Example: Complete connector configuration for enabling OpenLineage integration

The following example shows a possible complete configuration for enabling a PostgreSQL connector to integrate with OpenLineage:

# Connector basics
name=products-cdc-connector
connector.class=io.debezium.connector.postgresql.PostgresConnector
database.hostname=localhost
database.port=5432
database.user=debezium
database.password=debezium
database.dbname=inventory
topic.prefix=inventory

# Snapshot configuration
snapshot.mode=initial
slot.drop.on.stop=false

# OpenLineage integration
openlineage.integration.enabled=true
openlineage.integration.config.file.path=/opt/debezium/config/openlineage.yml
openlineage.integration.job.description=CDC connector for inventory database
openlineage.integration.job.tags=env=production,team=data-platform,database=postgresql
openlineage.integration.job.owners=Data Team=maintainer,Alice Johnson=Data Engineer

# For output lineage (optional)
transforms=openlineage
transforms.openlineage.type=io.debezium.transforms.openlineage.OpenLineage
schema.history.internal.kafka.bootstrap.servers=kafka:9092

# Standard Kafka Connect settings
key.converter=org.apache.kafka.connect.json.JsonConverter
value.converter=org.apache.kafka.connect.json.JsonConverter

Lineage Events

The integration produces several types of OpenLineage events:

Run Events
START

Reports connector initialization.

RUNNING

Reports that the connector is operating normally and is processing tables.

COMPLETE

Reports that the connector shut down gracefully.

FAIL

Reports that the connector encountered an error.

Dataset information

Input Datasets represent source database tables. The namespace follows the OpenLineage dataset naming specification.
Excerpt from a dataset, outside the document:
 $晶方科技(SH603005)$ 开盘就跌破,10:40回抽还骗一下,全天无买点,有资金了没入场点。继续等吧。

The following example shows the dataset naming for a table in a PostgreSQL database:

  • Namespace: postgres://hostname:port

  • Name: schema.table

  • Schema: Column names and types from the source table

The exact namespace format depends on your database system and follows the OpenLineage specification for dataset naming.
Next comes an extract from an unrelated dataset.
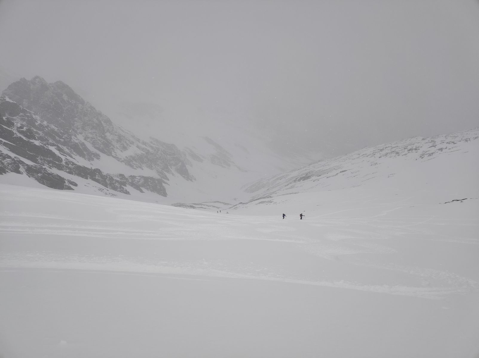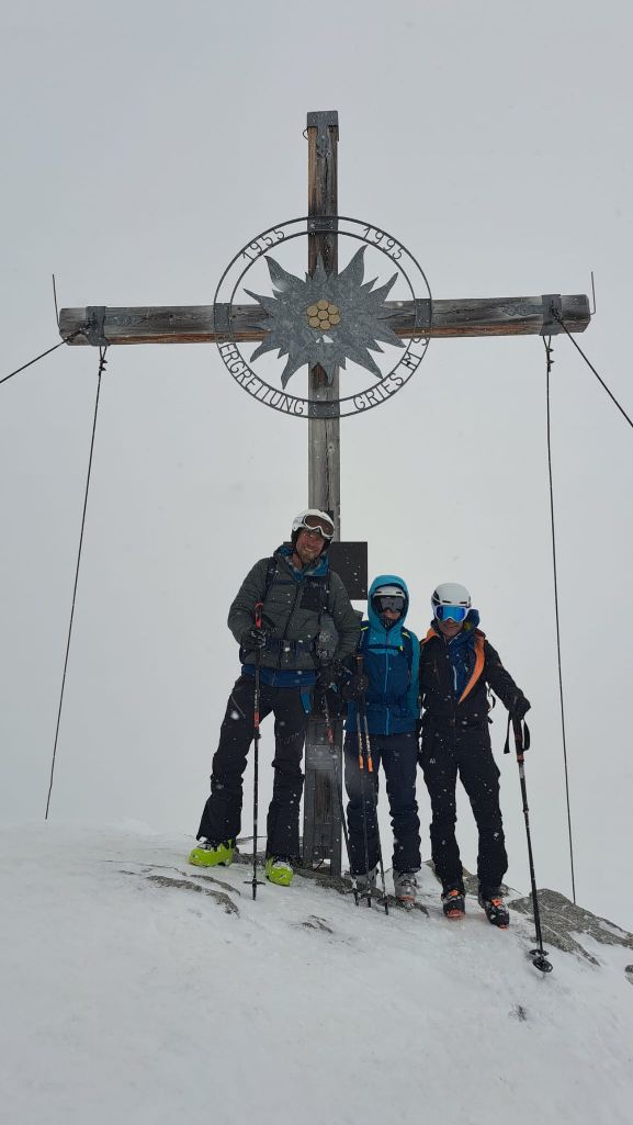 Wetter und Sicht nicht berauschend aber brauchbar. Lawinengefahr gering wegen fehlender Schneemächtigkeit; nur Lockerschneerutsche aus zuvor aperen Steilhängen abseits der Route.

Output datasets represent the Kafka topics that result after you apply the OpenLineage transformation.

An output dataset includes the following information about the Kafka topic:

Namespace

kafka://bootstrap-server:port

Name

topic-prefix.schema.table

Schema

Complete CDC event structure including metadata fields

Monitoring and Troubleshooting

Verifying the integration

You can perform several tasks to verify that the integration is working as expected.

Procedure
  1. Check the connector logs for messages that refer to OpenLineage.

  2. Verify events in your OpenLineage backend. This applies only if you use HTTP transport.

  3. Use console transport for testing, as shown in the following example:

    transport:
      type: console
Common issues
Integration not working
  • Verify that openlineage.integration.enabled is set to true.

  • Check that the path to the OpenLineage configuration file that is specified in the connector configuration is correct, and that Debezium can access the target file.

  • Ensure that the YAML in the OpenLineage configuration file is valid.

  • Verify that all required JAR dependencies are present in the classpath.

Missing output datasets
  • Verify that you configured the connector to use the OpenLineage transformation.

  • Check that you set the property schema.history.internal.kafka.bootstrap.servers in the connector configuration.

Connection issues
  • Verify that you specified the correct server URL and authentication information in the OpenLineage client configuration.

  • Check the network connectivity between Debezium and the OpenLineage server.

Dependency issues
  • Ensure that all required JAR files are present and their versions are compatible versions.

  • Check for classpath conflicts with existing dependencies.

Error Events

When the connector fails, check for the following items in OpenLineage FAIL events:

  • Error messages

  • Stack traces

  • Connector configuration for debugging